Sites Inria

Version française

THOTH Research team

Learning visual models from large-scale data

Team presentation

Thoth is a joint team of Inria and Laboratoire Jean Kuntzmann, and started in January 2016. It is a follow up to the LEAR team (2003-2015).

Thoth is motivated by today's context in which the quantity of digital images and videos available on-line continues to grow at a phenomenal speed: home users put their movies on YouTube and their images on Flickr; journalists and scientists set up web pages to disseminate news and research results; and audiovisual archives from TV broadcasts are opening to the public. Thus, there is a pressing and in fact increasing demand to annotate and index this visual content for home and professional users alike. Current object recognition and scene understanding technology mostly relies on fully supervised classification engines, and visual models are essentially (piecewise) rigid templates learned from hand labeled images. The sheer scale of on-line data and the nature of the embedded annotation call for a departure from this fully supervised scenario. The main objective of the Thoth project-team is to develop a new framework for learning the structure and parameters of visual models by actively exploring large digital image and video sources (off-line archives as well as growing on-line content), and exploiting the weak supervisory signal provided by the accompanying meta-data.

Research themes

The main objectives of the team are:

(i) designing and learning structured models capable of representing this visual information: Developing novel models for a more complete understanding of scenes to address all the component tasks. We propose to incorporate the structure in image and video data explicitly into the models. In other words, our models aim to satisfy the complex sets of constraints that exist in natural images and videos.

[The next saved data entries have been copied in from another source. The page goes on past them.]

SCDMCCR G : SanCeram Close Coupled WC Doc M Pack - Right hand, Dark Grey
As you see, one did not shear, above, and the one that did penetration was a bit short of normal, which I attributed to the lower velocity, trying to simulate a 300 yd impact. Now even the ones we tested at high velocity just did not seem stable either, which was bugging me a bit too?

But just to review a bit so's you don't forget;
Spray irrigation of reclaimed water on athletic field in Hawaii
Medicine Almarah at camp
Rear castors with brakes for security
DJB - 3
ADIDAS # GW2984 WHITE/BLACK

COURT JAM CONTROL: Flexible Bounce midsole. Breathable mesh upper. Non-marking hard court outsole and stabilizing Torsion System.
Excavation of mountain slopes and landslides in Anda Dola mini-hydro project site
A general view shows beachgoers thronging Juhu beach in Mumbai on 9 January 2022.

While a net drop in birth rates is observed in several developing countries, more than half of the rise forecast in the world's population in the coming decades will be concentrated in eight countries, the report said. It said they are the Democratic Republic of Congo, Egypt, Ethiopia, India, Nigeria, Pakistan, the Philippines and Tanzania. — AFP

(ii) learning visual models from minimal supervision or unstructured meta-data: The approach we propose to address the limitations of the fully supervised learning paradigm aligns with “Big Data” approaches developed in other areas: we rely on the orders-of-magnitude-larger training sets that have recently become available with metadata to compensate for less explicit forms of supervision.

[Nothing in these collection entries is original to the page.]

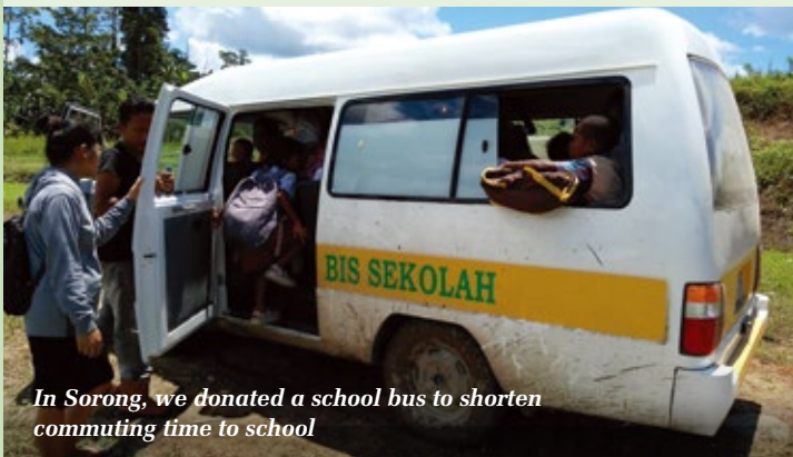
In Sorong, we donated a school bus to shorten commuting time to school

Funding has also been given for school facilities and to pay teachers' wages in South Barito. And our Noble employees have been volunteering with the Scouts at the junior high school.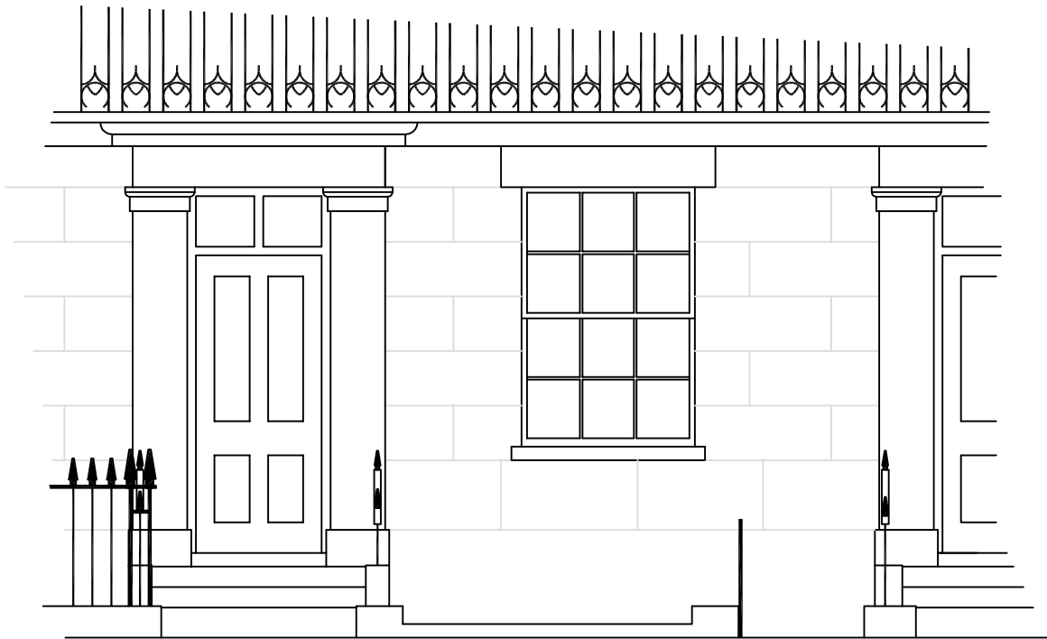
FRONT ELEVATION [EXISTING]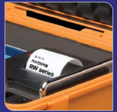
Built in printer

(iii) large-scale learning and optimization: This part of our research concentrates on the design and theoretical justifications of deep architectures, with a focus on weakly supervised and unsupervised learning, and the development of continuous and discrete optimization techniques that push the state of the art in terms of speed and scalability.

An additional focus of Thoth is on collection of appropriate datasets and design of accompanying evaluation protocols.

International and industrial relations

Thoth team members collaborate with academic research groups at UC Berkeley, University of Edinburgh, MPI Tubingen, University of Washington, Inria WILLOW team, IIIT Hyderabad (India), and also industrial partners such as Xerox Research Centre Europe, Facebook AI Research, Microsoft Research-Inria Joint Centre and Google.